2014-05-28 08:32:07 UTC

Hi,

Consider the following configuration:
* master A (slaveof no one)
* slave B (slaveof master-A-ip master-A-port)
* slave C (slaveof master-A-ip master-A-port)
* Sentinel (quorum=1), considers A as the master

If master A fails, Sentinel promotes one of the slaves, and change
configs accordingly. So the configuration becomes:
* master A (down, slaveof no one)
* master B (slaveof no one)
* slave C (slaveof master-B-ip master-B-port)
* Sentinel (quorum=1), considers B as the master

Now for some reason Sentinel goes down and restarts. As sentinel.conf has
not been rewritten, Sentinel still thinks about host A being the master.
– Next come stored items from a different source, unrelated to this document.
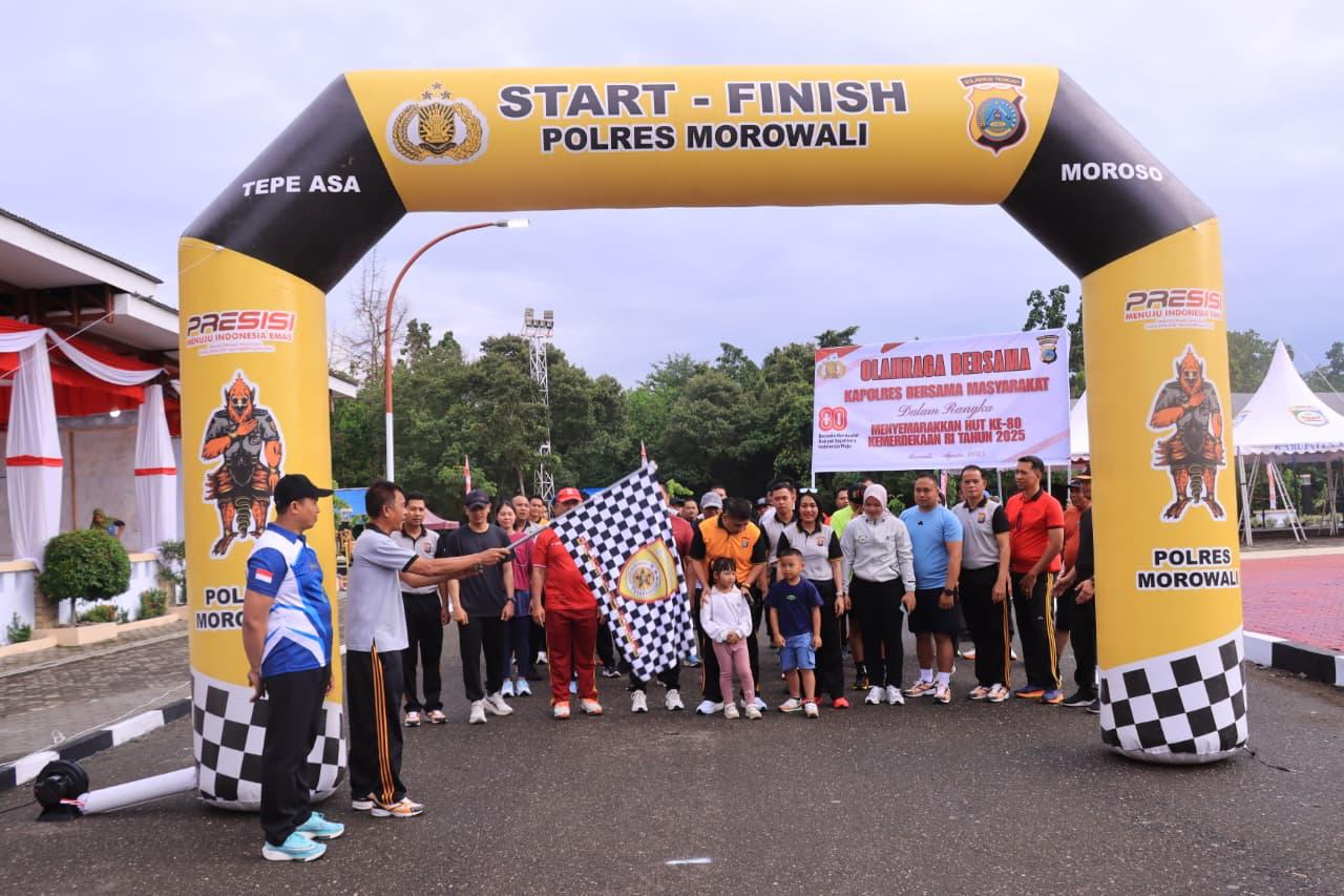 dteksinews, Morowali – Dalam rangka menyambut Hari Ulang Tahun ke-80 Kemerdekaan Republik Indonesia, Polres Morowali menggelar olahraga bersama yang diikuti Polres dan jajaran, Bhayangkari, serta masyarakat, bertempat di Alun alun rumah jabatan Bupati Morowali pada Jumat (15/8/2025).
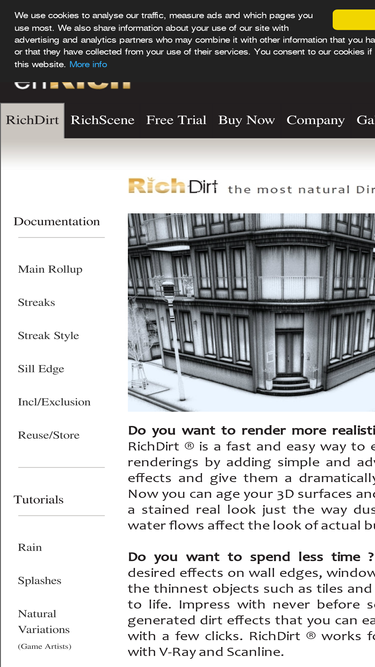 enrich pro provides the 3d artist with tools to enrich renderings in a natural, pleasing and convincing way. richdirt by enrich pro is the world´s leading dirt solution. richdirt works for 3ds max with v-ray and mental ray.
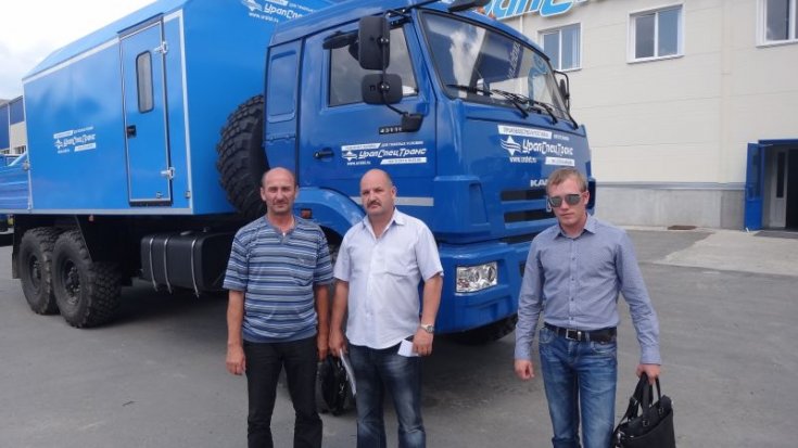 Транспортно-бытовая машина ТБМ на шасси Камаз 43118-3078-46 предназначена для размещения и кратковременного отдыха бригады из 6 человек, а также для транспортировки груза на бортовой платформе. Установленный на заднем свесе кран-манипулятор ИМ-55 позволяет избежать привлечения дополнительной техники для грузоподъемных работ.
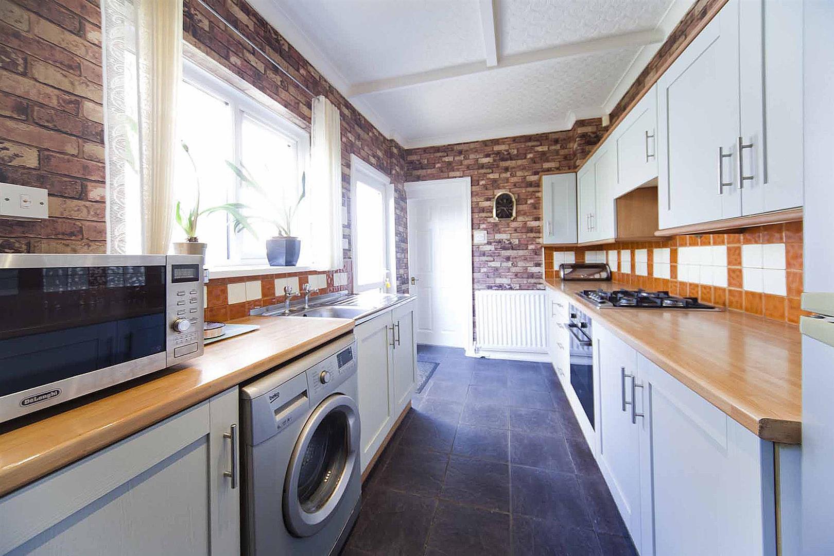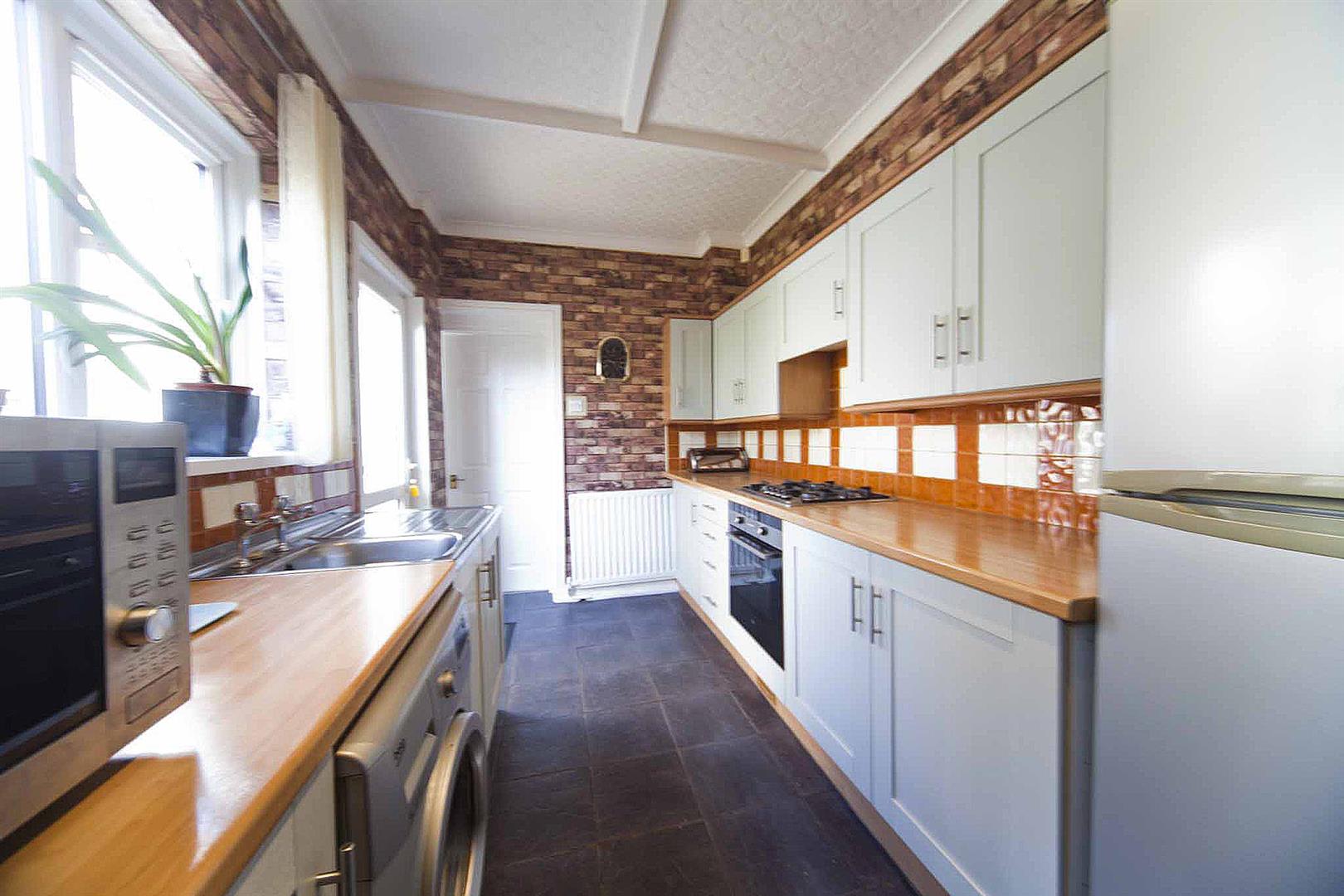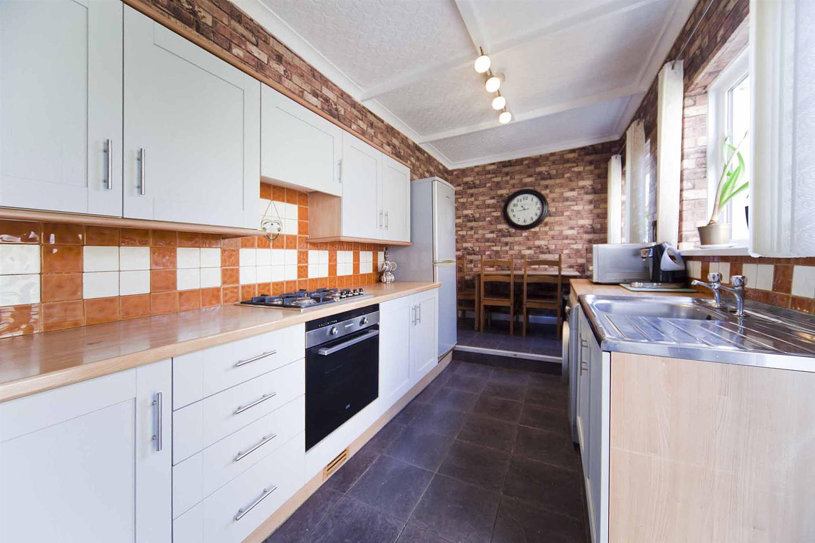 Well equipped kitchen diner, fitted with a selection of shaker style wall, base and drawer cabinets, complimentary heat resistant surfaces, co ordinating backsplash, integrated oven, integrated gas hob, stainless sink, plumbing for washing machine, space for fridge freezer, ample dining space, tiled floor.
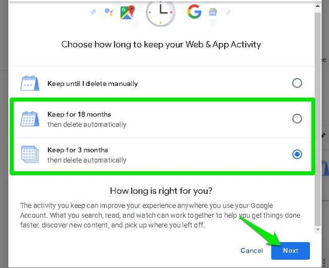 有两个时间段可以选择,将数据保存18个月或3个月。做出选择并击中“下一个”。
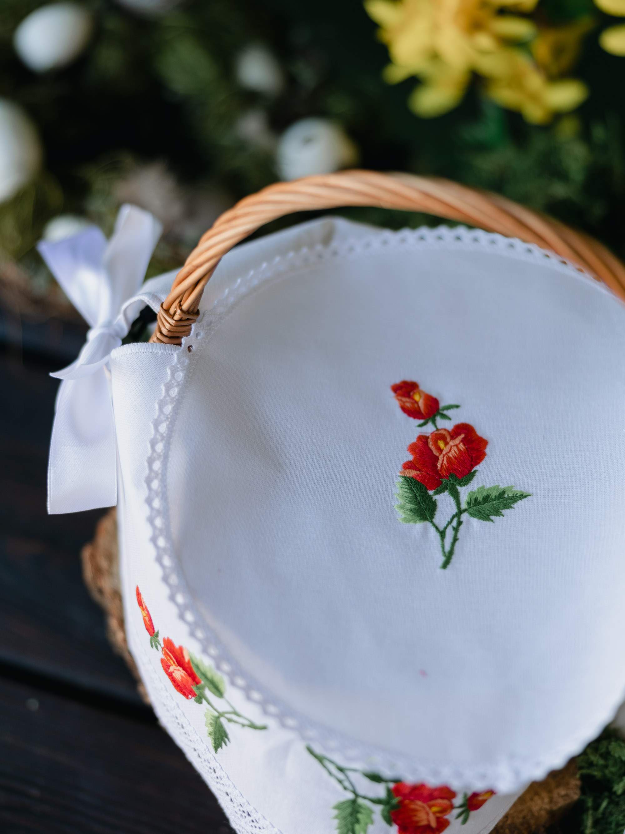 Zestaw dużych serwetek do koszyczka, ozdobiony koronkowym obszyciem oraz haftowanymi detalami - czerwonymi różami. W zestawie znajduje się mniejsza, okągła serwetka służąca do okrycia pokarmu, oraz większa serweta do wyłożenia koszyczka. Większa serweta posiada białe wstążki na bokach, które należy przywiązać do uchwytu koszyczka. Komplet został wykonany przez hafciarkę z okolic Łowicza.

As
host A is down, the system becomes unresponsive, and our system
administrator recovers host A:
* master A (slaveof no one)
* master B (slaveof no one)
* slave C (slaveof master-B-ip master-B-port)
* Sentinel (quorum=1), considers A as the master

It is a very possible case of split brain, and currently there is no
straight way do avoid it. I have considered the following workarounds:
a) Restoring redis.conf to the original state before restarting an
instance. Not good, as we lose all the benefits of rewriting it.
b) Manually resolving these conflicts.

In my opinion, it would've been better if either:
a) We could explicitly describe our network configuration, including slaves
in sentinel.conf. Then after restarting a sentinel it would turn B and C to
slaves of A.
b) Sentinel would rewrite sentinel.conf after changing configuration. In
this example, after promoting B to master and changing B's and C's config,
it would also rewrite it's own config to consider B as the master.

What do you think?

--
You received this message because you are subscribed to the Google Groups "Redis DB" group.
To unsubscribe from this group and stop receiving emails from it, send an email to redis-db+unsubscribe-/JYPxA39Uh5TLH3MbocFF+G/***@public.gmane.org
To post to this group, send email to redis-db-/JYPxA39Uh5TLH3MbocFF+G/***@public.gmane.org
Visit this group at http://groups.google.com/group/redis-db.
For more options, visit https://groups.google.com/d/optout.

Salvatore Sanfilippo

2014-05-28 12:19:51 UTC

Permalink

Hello,

what you describe is AFAIK not possible, but moreover it is not
technically what is called a split-brain condition.
A split brain condition happens when multiple processes should agree
about some value, but instead they don't agree and actually have two
distinct values.
In eventually consistent systems like Sentinel, split-brain conditions
are possible during partitions, but there is the guarantee that when
all the partitions heal, all the sentinels agree about what is the
master.

What instead you describe is a loss of state during a crash-recovery
event. However AFAIK this is not possible because when a new
configuration is considered to be valid (we receive an acknowledge
examining the INFO output that the promoted slave actually turned into
master role), the configuration is persisted and fsync()-ed on disk
before it to be propagated to other nodes, or advertised by Sentinel
to any client.

However it is possible that the Sentinel sends a SLAVEOF NO ONE to the
promoted slave, and restarts before the slave is able to confirm the
role change.
But this case is exactly like a Sentinel observing a switch of a slave
from slave to master operated externally (for instance, manually).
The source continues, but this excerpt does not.